Writing a control plane for Envoy is not an easy task, as described in a recent post from Ambassador creators, which details their repeated attempts to build it. In the series of blogs that follows, we will share our own experience, our design choices, and our implementation considerations, which allowed us to harness the power of Envoy.

How does envoy work?

Before we talk about building a control plane, let us briefly recall how Envoy works as an edge proxy.

When a request arrives at the cluster, Envoy can do many things with it, including routing, checking for permissions, load balancing and much more. To know what to do Envoy needs to be configured, which is the role of the control plane.
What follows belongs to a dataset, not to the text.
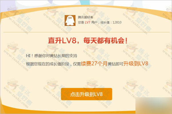 黄钻LV7级用户,根据现在的成长值计算出直升LV8需要升级多少个月。

The first thing Envoy does with a request is to determine what is its destination. To do this, it uses the virtual host (host or :authority header) and a route table. The request is then sent through a sequence of filters, known as the filter chain. Each filter in the chain does different things, including modifying the request, holding the request until some event happens, rejecting the request, and more. In some cases, a filter needs to get information from an external server in order to perform its task. The last filter in the chain is always the router filter, which sends the request upstream. An example of a path taken by a request as it goes through Envoy is depicted in the figure below.

On the way back, a response can also go through a filter chain before it is sent back from the cluster. Once again, these filters may or may not interact with external servers, as needed.
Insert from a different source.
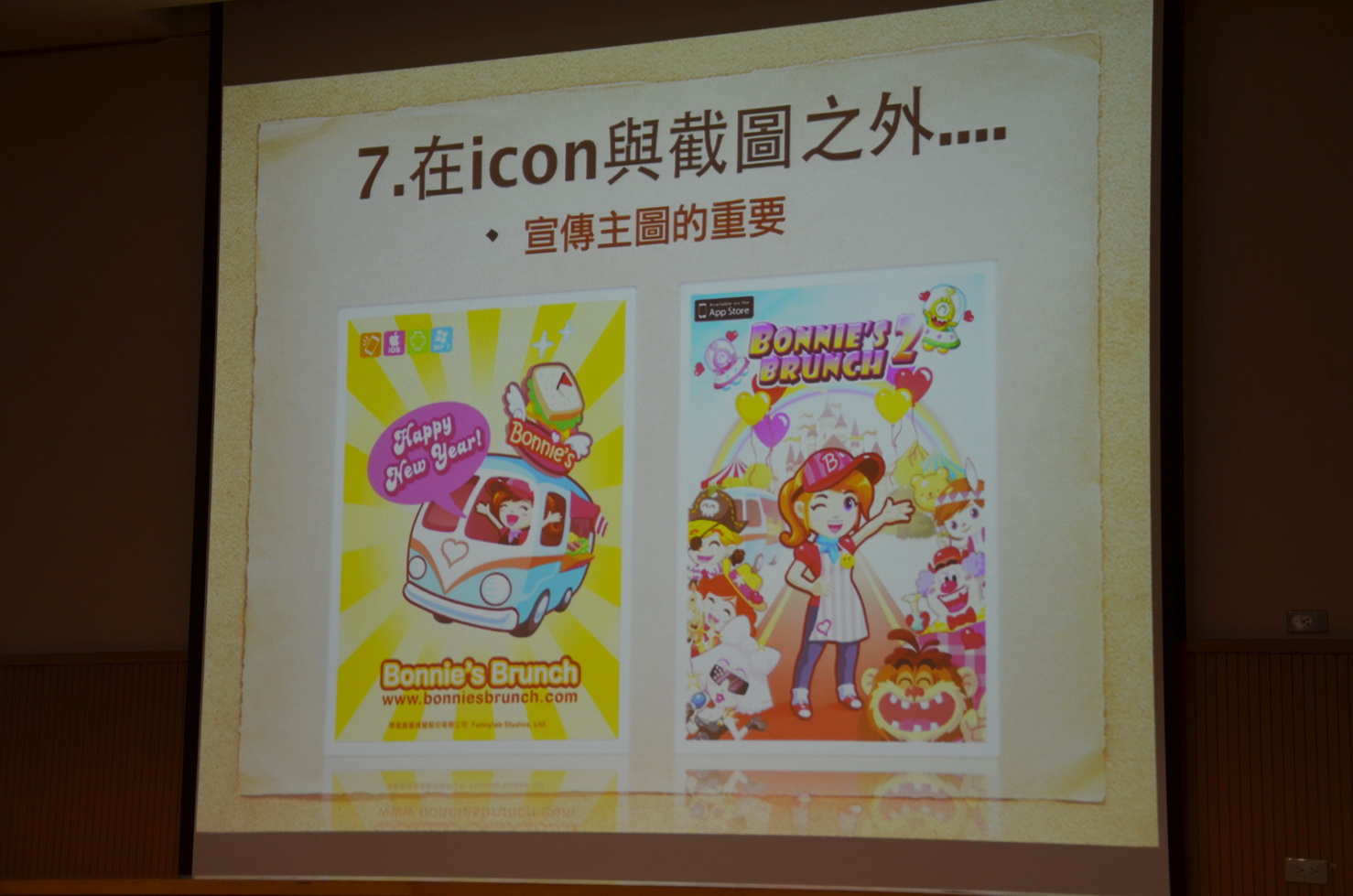 溫韻華表示,許多 App 開發人員都深知遊戲 Logo 以及截圖的重要性,因為玩家在選擇是否要購買遊戲時的依據,就是憑藉對於這些圖案的喜好與否。然而宣傳主圖對於宣傳遊戲來說,也是非常重要的,她舉出美術人員若可以多花一些時間來做額外的宣傳大圖,不僅可以強化粉絲對於遊戲的黏著度,同時也可以強化遊戲在媒體、展覽等用途時的宣傳效果。

Setting up the filter chain and configuring the different filters and their external servers are among the jobs of the control plane. This configuration information is sent to Envoy using the xDS API. It is the responsibility of the control plane to make sure that Envoy is always updated, and inform Envoy of any need to alter its configuration. Since in distributed systems “there is no now”, Envoy’s strategy is to follows an eventually consistent configuration model to handle configuration changes.

All the configuration information is sent from the control plane to Envoy asynchronously. This means that when a request arrives, it finds Envoy fully configured, and does not need to wait for the control plane to intervene. Thus, no latency incurs due to the control plane actions.

On the other hand, the filters and the external servers they use do sit on the data path and may result in latencies. Caching can be implemented to mitigate such potential issues, and the control plane can set timeouts for these services. Tracing can then be used to diagnose problems caused by filters and servers.

Why Envoy?

The many strong qualities of Envoy have been described in details before (for example, here and here). Of these, the following were the most relevant for us:

Envoy is very extensible, making it easy for us to extend it for new use cases (more on that later).
Even in the fast pace Envoy is moving, it is a very stable piece of software, with unit tests, integration tests covering more than 98% of the code (guaranteed by CI).
Last but not least, Envoy has strong backing from the community. It is the driving force behind several successful service mesh projects, including Istio, and enjoys contributions from many key players in the ecosystem, such as Google, Pivotal, Red Hat and IBM. The Envoy community enjoys a truly collaborative spirit, which makes contributing to the project a rewarding and enjoyable experience.

Install and Configuration

Now that we understand how requests and responses are handled by Envoy and identify the roles of the control plane, we are ready to look at the design of a control plane. Below we describe what choices involved in this process, and explain the choices we’ve made in designing Gloo.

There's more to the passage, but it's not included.